IN THE HIGH COURT OF SOUTH AFRICA

(GAUTENG DIVISION PRETORIA)



Shape1

  1. REPORTABLE: NO/YES

  2. OF INTEREST TO OTHER JUDGES: NO/YES

  3. REVISED



______________ _ _____________________

DATE SIGNATURE

CASE NO: 36536/2011







In the matter between:



DANIEL SCHEEPERS PLAINTIFF



And



THE MINISTER OF POLICE 1ST DEFENDANT

CAPTAIN CLAASENS 2ND DEFENDANT

JANINE SOEKOE 3RD DEFENDANT

ANETTE SOEKOE 4TH DEFENDANT



This judgment is issued by the Judge whose name is reflected herein and is submitted electronically to the parties/their legal representatives by email. The judgment is further uploaded to the electronic file of this matter on Caselines by the Judge or his/her secretary.
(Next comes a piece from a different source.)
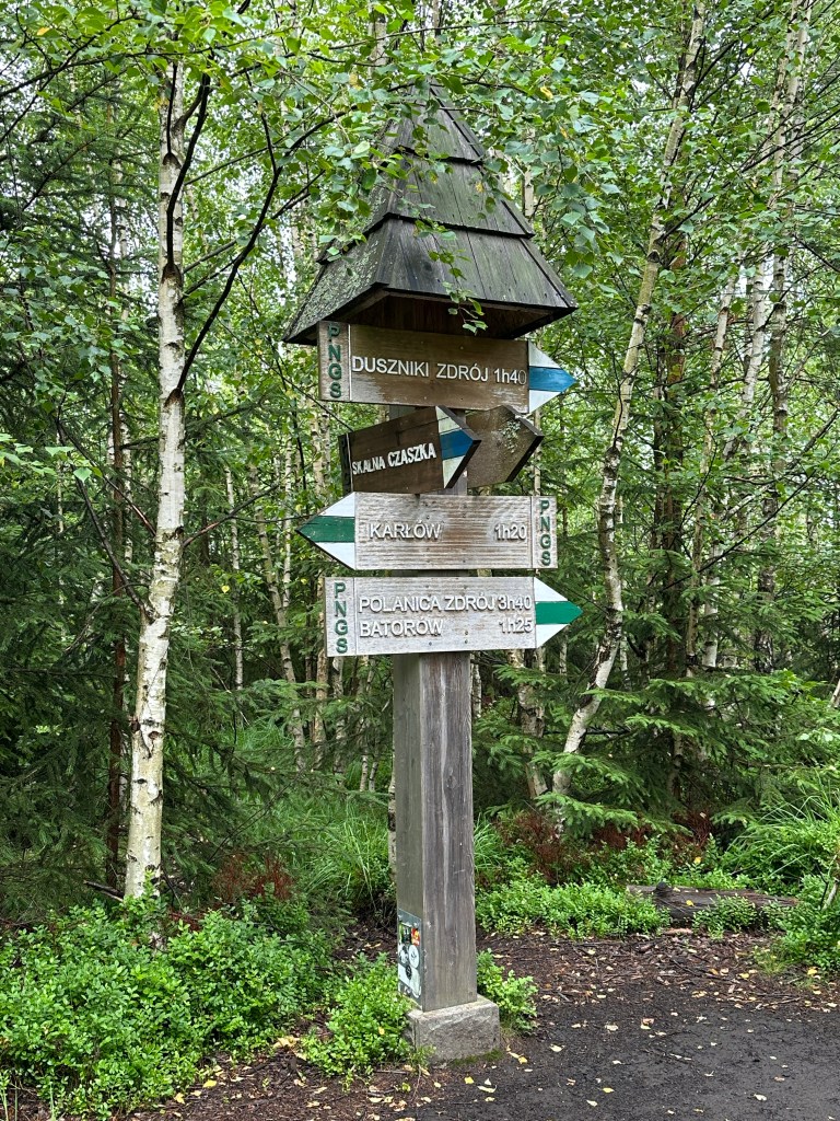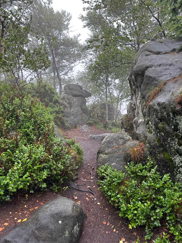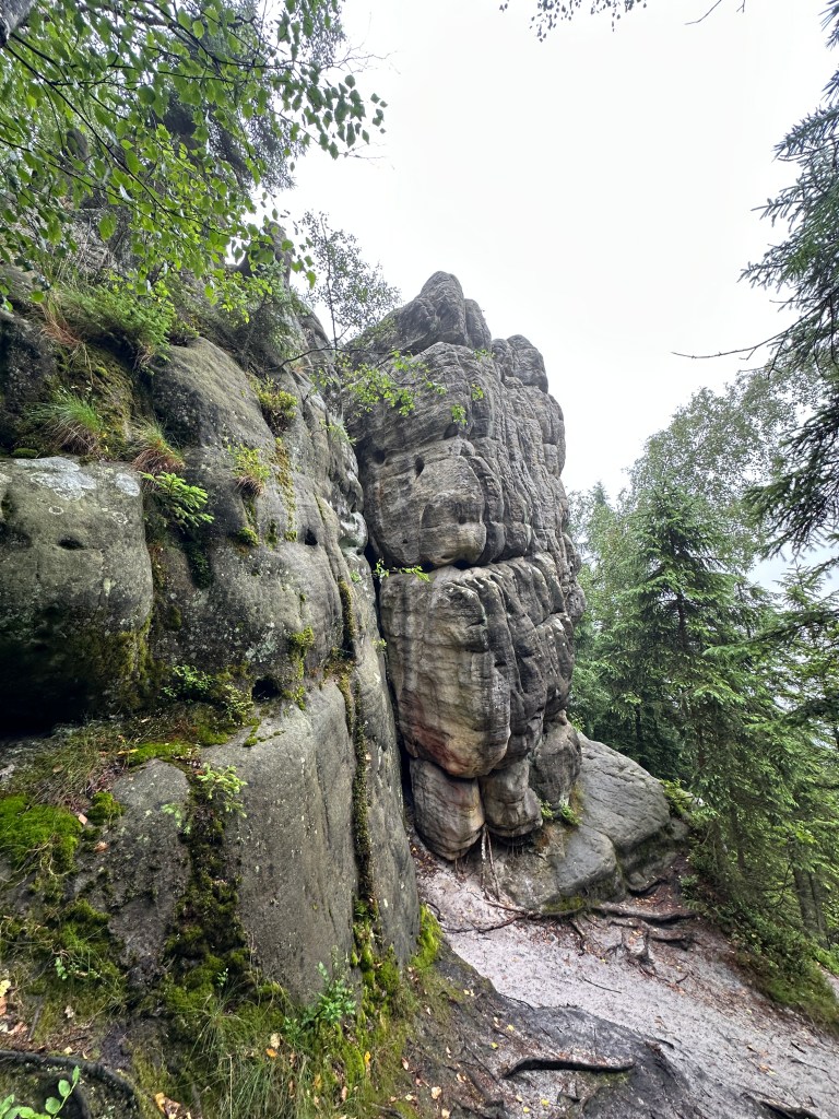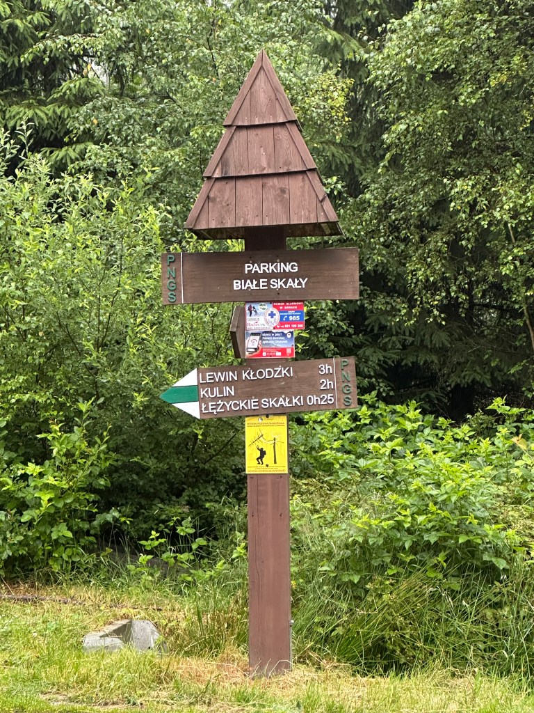 Gdy zobaczyliśmy, że deszczowe chmury spowijają Góry Stołowe wiedzieliśmy, że to idealna pora by odwiedzić Skalną Czaszkę, Skały Puchacza i Białe Skały. Wycieczkę rozpoczęliśmy na parkingu nieopodal Lisiej Przełęczy.

The date of this judgment is deemed to be____________.



JUDGMENT

MAUBANE AJ


1. INTRODUCTION

1.1 The plaintiff, an adult male person who was 55 years of age at the time of his arrest, and is currently 68 years, issued summons against the defendant for unlawful arrest and detention.


1.2 The court must determine whether the arrest was lawful in terms of the provisions of Section 40(1)(e) and if not, what the award for such arrest should be.


2. Common cause issues

2.1. the plaintiff ‘s locus standi,

2.2. the 1st defendant locus standi,

2.3. the jurisdiction of the above honourable court,

2.4. the identity of the plaintiff,

2.4. the identity of the 1st defendant,

2.5. the arrest of the plaintiff by a member of the 1st defendant who

was acting within course and scope with the 1st defendant,

2.6. the arrest took place without a warrant of arrest, and,

2.7. the charges against the plaintiff were withdrawn on the 6th January 2010


3. It is not in dispute that the arrest was effected without a warrant and it was so effected in terms of Section 40(1)(b) of the Criminal Procedure Act 51 of 1977 as amended.


4. BACKGROUND


4.1. The plaintiff was arrested without a warrant of arrest on the 14th December 2009 at or near his permanent place of residence. It is not in dispute that the plaintiff was arrested without a warrant. He was then detained and kept at Roodepoort Police Station from the 14th December 2009 until the 17th December 2009, whereon he was subsequently transferred to John Vorster Police Station, and was detained there until the 20th December 2009.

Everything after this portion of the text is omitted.